Nova

cuilan debu
Chapter #20

Closure?

Loving him is like driving a new Maserati down a dead end street

Faster than the wind, passionate as sin, ending so suddenly

Loving him is like trying to change your mind

Once you're already flying through the free fall

Like the colors in autumn, so bright, just before they lose it all

Aku memutar lagu yang sama berkali-kali tanpa berniat menggantinya. Red - Taylor Swift.

Tubuhku begitu lelah dan aku tidak ingin melakukan apapun seharian ini, sama seperti hari-hari sebelumnya. Beruntungnya hari-hari ujian akhir telah berlalu dan nilaiku telah keluar semua dengan aman. Hanya tersisa satu pekerjaanku yaitu mengejar sidang. Setelan blazer dan rok lilit batik pembelian bibiku sudah kusiapkan sejak lama untuk pakaian ketika sidang. Dipadukan dengan heels putih yang kubeli bersama kak Nova.

Ah, kepalaku jadi pening lagi mengingat kak Nova. Meski biasanya selalu teringat padanya, tapi ingatan yang muncul adalah ingatan menyenangkan. Tapi kini ketika teringat padanya, maka ingatan yang muncul adalah jawaban darinya atas segala pertanyaanku yang kemudian ingin aku enyahkan dari pikiranku selamanya.

Menerima keadaan memang tidak mudah.
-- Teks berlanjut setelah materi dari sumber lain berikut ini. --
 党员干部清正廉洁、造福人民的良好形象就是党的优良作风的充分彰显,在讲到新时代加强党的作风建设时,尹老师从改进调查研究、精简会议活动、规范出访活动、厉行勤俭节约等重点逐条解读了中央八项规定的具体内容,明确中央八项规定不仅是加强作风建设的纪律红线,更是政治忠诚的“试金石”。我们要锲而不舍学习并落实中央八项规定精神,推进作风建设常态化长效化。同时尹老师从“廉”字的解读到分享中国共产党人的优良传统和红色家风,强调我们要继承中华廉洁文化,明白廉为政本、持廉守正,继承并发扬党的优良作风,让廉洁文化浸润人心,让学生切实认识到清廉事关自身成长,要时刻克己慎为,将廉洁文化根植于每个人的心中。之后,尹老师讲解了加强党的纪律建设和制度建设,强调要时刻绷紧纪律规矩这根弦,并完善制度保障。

Meski berkali-kali aku membisikkan harap untuk mengetahui perasaan sebenarnya yang disimpan kak Nova dan berkata siap mendengar apapun darinya, ternyata ketika itu benar-benar terjadi tetap saja sulit untuk diterima dan dipahami. Atau mungkin karena tidak sesuai dengan bayanganku, maka kenyataan jadi begitu menyakitkan.
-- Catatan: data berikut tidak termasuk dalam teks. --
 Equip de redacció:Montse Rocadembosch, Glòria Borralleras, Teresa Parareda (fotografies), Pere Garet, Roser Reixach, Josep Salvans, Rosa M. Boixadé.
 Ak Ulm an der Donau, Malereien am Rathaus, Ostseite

Semua yang ingin kutahu dan yang kak Nova sembunyikan. Semua yang kuharap tidak dengar dan yang kak Nova akhirnya ungkapkan. Semua yang kak Nova tidak tahu dan yang aku utarakan. Malam itu kami sudah mengungkapkan pada masing-masing.

“Jadi apa kak?”

Kami duduk berhadapan. Angin berhembus sepoi-sepoi dan cukup dingin dengan sayup-sayup musik yang diputar dari dalam food court. Area ini berada di lantai dua dan saat kuedarkan pandangan ke lantai satu, ternyata itu adalah area parkir di seberang jalan besar yang mungkin tadi kami lewati. Cahaya dari lampu-lampu mobil dan motor memantul dari kaca bening di samping balkon.

“Aku tuh sebenernya merasa bersalah banget sama kamu, Ve. Pertama aku nggak bisa membalas perasaan kamu sebesar perasaan kamu ke aku, kayak yang dulu udah pernah aku bilang.
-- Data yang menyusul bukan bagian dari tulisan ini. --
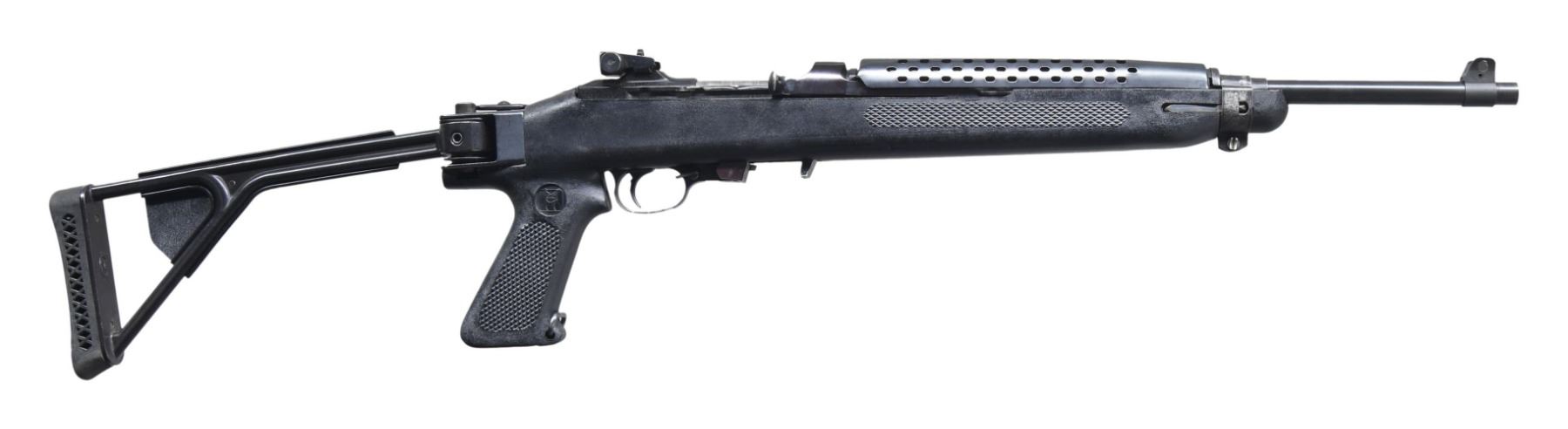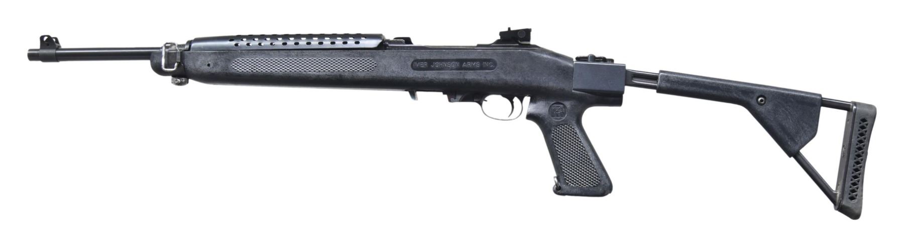 CARBINE. Cal. 9mm Luger. S# JJ01602. Bbl. 16 1/4". Rifle manufactured in the GI style & equipped w/ Iver Johnson side folding nylon pistol grip stock & ventilated metal handguard. Stamped aperture adjustable rear sight. Blade front sight w/ protective ears. Receiver is marked on top "IVER JOHNSON'S ARMS / 9MM PARABELLUM / JACKSONVILLE AR". Stock markings include "IVER JOHNSON ARMS INCORPORATED" & "owl logo". Ventilated rubber buttpad. Integral pistol grip. MAGS: none. CONDITION: finish on stock & metal has light wear & scattered small handling marks. Very good shiny bore. (25-2234/RW). MODERN. $300-500.
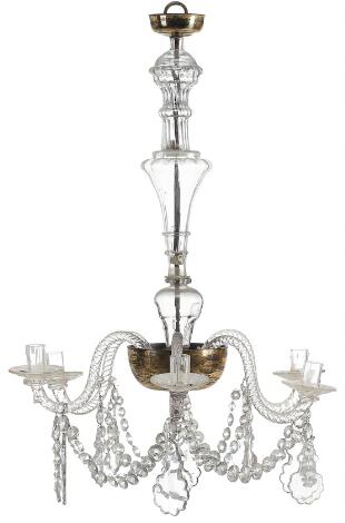 2551/3079LyngbyA Baroque glass chandelier with six candle holders composed of different parts. Partly 18th century. H. 102 cm. Diam. 75 cm.

Kedua, aku merasa sebenernya aku nggak masalah kalo seandainya kamu tiba-tiba nggak suka lagi sama aku bahkan kalo detik ini kamu memutuskan untuk berhenti suka sama aku maka aku gapapa. Aku beneran nggak bisa membalas perasaan kamu dengan tulus.”

Wow. Pembukaan yang langsung to the point sekali. Sangat terasa sakitnya di hati.

“Kamu inget kan, aku pernah bilang kalo orang yang paling akan aku perjuangkan saat seisi dunia ibaratnya menentang aku adalah ibu aku. Semua jawaban atas kebingungan aku, kalo itu dari ibuku pasti aku turuti. Ibaratnya bahkan kalo suatu saat ibuku jodohin aku, maka aku bakal setuju aja.”

Wow.

“Meskipun awalnya nggak kenal dan nggak suka?”